Unit 2.7 Summary
Unit overview
Unit study time
- 10 minutes
Outline
- Identify the key takeaways from the Introduction Course
- Explain the main benefits of metadata for data owners, data users and research as a whole
- Identify tools that help metadata creation and management
Defining metadata
CODATA definition of metadata
Data about data. Defines and describes the characteristics of other data. It is used to improve the understanding and use of the data.
In contrast to other forms of data documentation, metadata is machine readable and machine actionable.
How do we use metadata in research
Metadata makes research data easier to find by providing searchable descriptions, and helps others understand it through clear context and documentation. It enables researchers to assess the quality and relevance of data, and ultimately to act on it by reāusing, sharing, or building upon it with confidence.
How does metadata help us find data?
Metadata powers data catalogues which are a key discovery tool in research. On these sites, a large number of studies are listed so people can find past studies for their own work, whether to reference or to use as secondary data. Without metadata, we wouldn't be able to search or filter these sites, instead we would have to scroll through hundreds of pages and click into every individual record to find studies that relevant for our work. As metadata is machine readable and machine actionable, it helps organise all the studies on a data catalogue and provides us with the data to filter and search.
How does metadata help us understand data?
As a structured form of data documentation, metadata gives the context of a study. It explains the who, what, where, why and how of the data. Without this, we wouldn't know what data a study has collected or, if we have the study's dataset, we would struggle to interpet the data as it would just appear to be numbers or text with no meaning. By providing extra information that wouldn't otherwise be captured in the dataset, metadata helps researchers understand how the data was produced and how to interpet the data once they have the dataset.

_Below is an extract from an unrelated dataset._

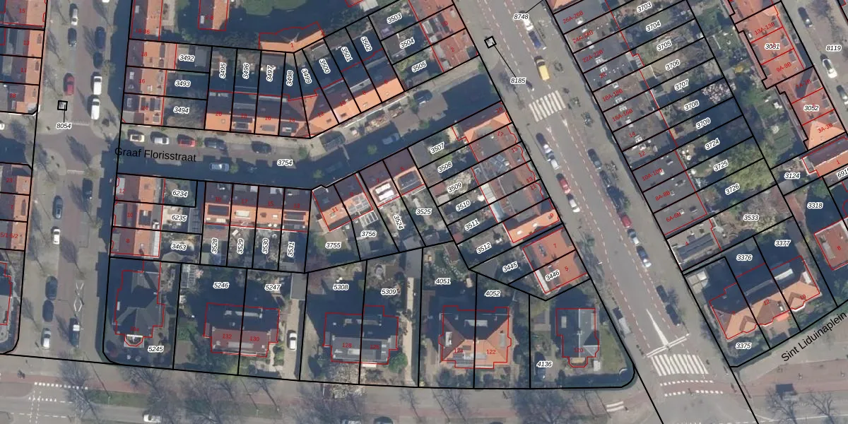 Gebruik de zoekbalk of klik op een perceel om informatie over het perceel te bekijken.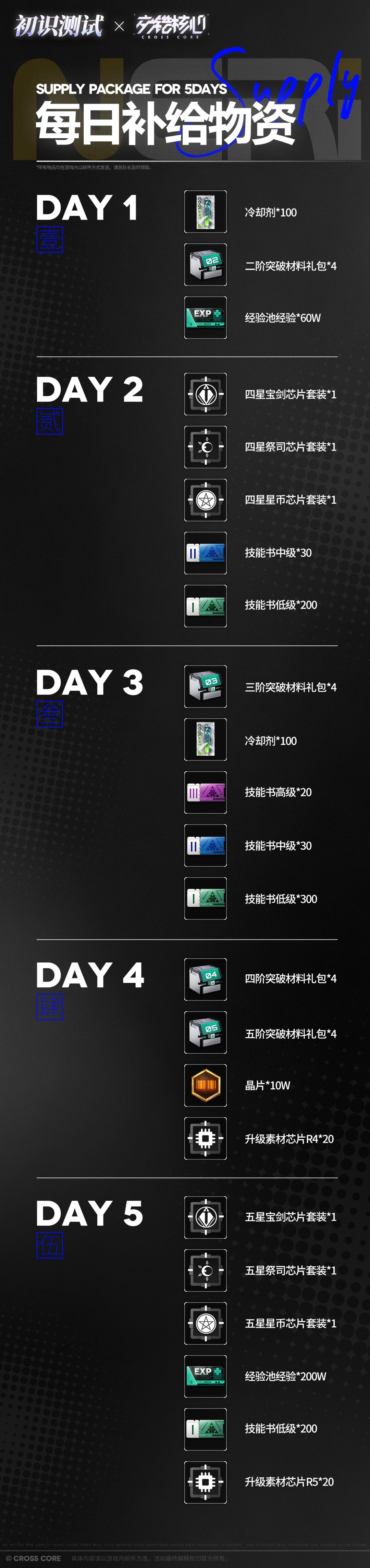 初识测试期内,每日16:00我们将准时通过邮件发送物资,其中含有大量角色强化用素材。

How does metadata help us reuse data?
By helping people discover and understand existing research, metadata helps people reuse existing data. This is particularly important when finding secondary data or conducting research to see what studies have already been conducted in our area. Without metadata, we might not know a study in our area of interest has been conducted and we run the risk of duplicating research. By making these studies findable and understandable, metadata to helps us reuse data, saving us time, money and resources.
A dataset created for one research question might also contain data valuable for a completely different enquiry. This may not be obvious when reading about an overall study however metadata, such as variable descriptions, makes these connections visible. People can then identify these opportunities and repurpose existing data, meaning we maximise the potential of data. By documenting the provenance of data, metadata helps maintain the credibility and trustworthiness of data so it can be used reliably to support other research enquiries.
Why create metadata?
Creating metadata is essential for good research data management and implementing the FAIR data principles in research.
FAIR and sustainable research
Metadata is not a nice-to-have, it is an asset that can be used to your advantage, making your data go further and maximising the potential of research. Metadata is a key part of making data FAIR (Findable, Accessible, Interoperable, and Reusable). When we talk about FAIR data, we usually think about only about the data itself, but the metadata also needs to be FAIR. If your metadata is well-structured and follows FAIR principles, it makes your data easier to discover, understand, and reuse, giving you and others the full benefit.
Metadata helps us manage our data during the research process. By capturing information around file formats, versioning and provenance of the data as we go along, metadata documents the research process clearly. It enables us to organise our data and make sure it's secure, reducing the risk of losing data or accidentally allowing restricted data to be accessible. As such, metadata improves our research data management, making our data more trustworthy and helping us preserve it for future use. It may also be needed as part of a funding or journal requirement as evidence of data sharing and well managed data.
Research data management
Metadata helps you manage your data in a consistent and structured way. This is useful during the research process to make sure your keep your data secure and correctly organised. It can also help you in the future when you return to a previous study after many years as metadata can give you the context and information to understand your data and how it was collected so you don't have to rely on memory.
Make your data discoverable and re-usable
If you're sharing your data, metadata makes your data easier to find, understand, and reuse by other people. For example, by having metadata, your data can become findable on platforms such as data catalogues and repositories. Strong provenance metadata can also help people trust your data, as your research processes are clear and transparent. This means your data is more likely to be cited and re-used, increasing your visibility of as a researcher and the impact of your research.
Good quality metadata
What are the features of good quality metadata?
- Accurate descriptions that provide the appropriate level of information necessary to understand a project
- Being consistent with the use of terms within a project's metadata to avoid confusion or misinformation
- Use standardised terms that are commonly used within the relevant discipline and are unlikely to become redundant
- Interoperability of metadata with other studies' so it can be compared across resources and deposited on centralised platforms such as data catalogues where it can be searched and filtered
What tools can help us create good quality metadata?
- Controlled vocabularies
- Metadata standards and schemas